What is the size of the payments that must be deposited at the beginning of each 6-month period in an account that pays 6.6%, compounded semiannually, so that the account will have a future value of $140,000 at the end of 17 years?

Accumulation value of an annuity (due)

Sn=P*((1+i)^n-1)/d
where P-the size of payments, n=17*2=34,
i=0.066/2=0.033, d=i/(i+1)=0.032

140000=P*63.1024733
P=2218.61

To calculate the size of the payments that must be deposited at the beginning of each 6-month period, we can use the formula for the future value of an ordinary annuity.

The formula is:

FV = P * [(1 + r)^n - 1] / r

Where:
FV is the future value of the annuity,
P is the payment amount,
r is the interest rate per period (compounded semiannually),
n is the number of periods.

In this case, we know that the future value (FV) is $140,000, the interest rate (r) is 6.6% or 0.066 (since it's compounded semiannually), and the number of periods (n) is 17 years, which is equal to 34 semiannual periods (since there are two 6-month periods in a year).

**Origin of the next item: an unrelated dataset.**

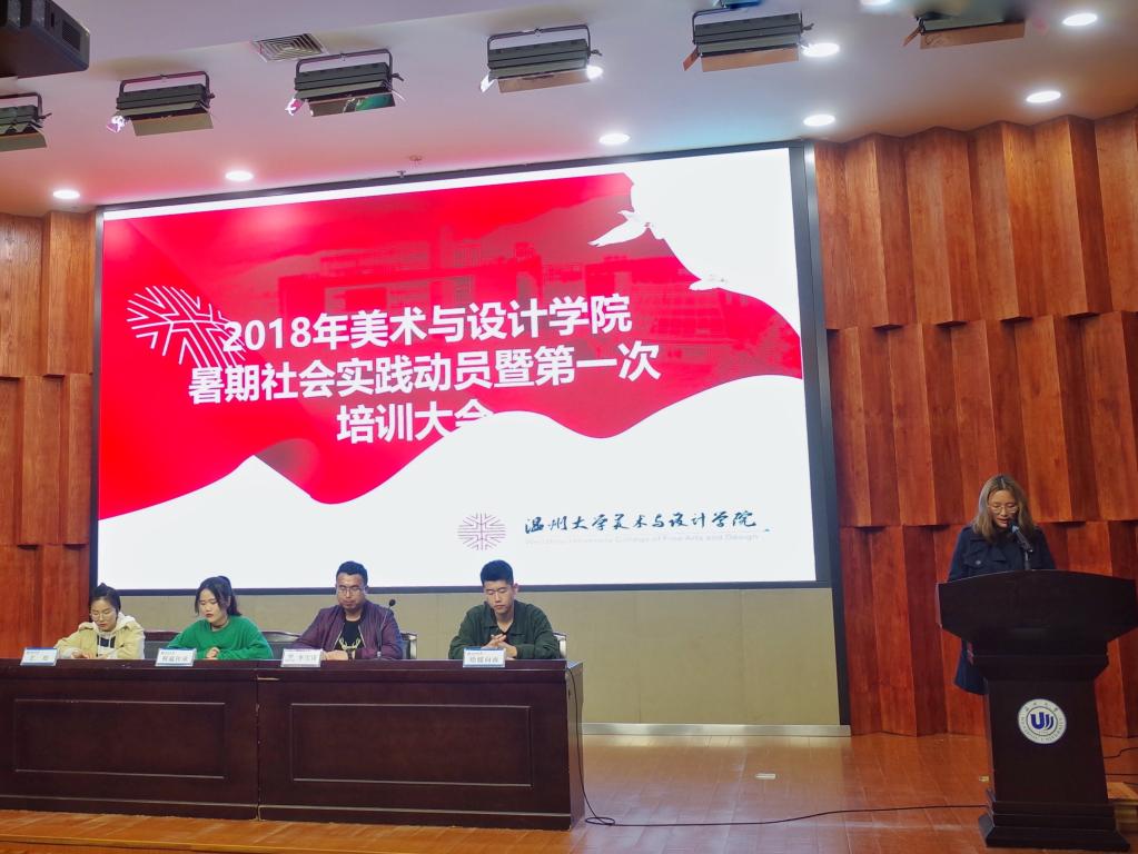 3月25日晚,万象城awc官网登录入口暑期社会实践动员暨第一次培训大会于雁山厅举行,本次大会由美院团委学生会学术实践部主办,美院2017年优秀实践队长以及团学指导老师李雪涛出席了此次大会,参与本次动员会的成员还有大一全体同学。

Let's now substitute these values into the formula and solve for the payment amount (P):

$140,000 = P * [(1 + 0.066)^34 - 1] / 0.066

To find the payment amount (P), we multiply both sides of the equation by 0.066 and divide by [(1 + 0.066)^34 - 1]:

P = $140,000 * 0.066 / [(1 + 0.066)^34 - 1]

Using a calculator, we can evaluate the right-hand side of the equation to find the payment amount (P).

P ≈ $1,689.54

Therefore, the size of the payments that must be deposited at the beginning of each 6-month period is approximately $1,689.54.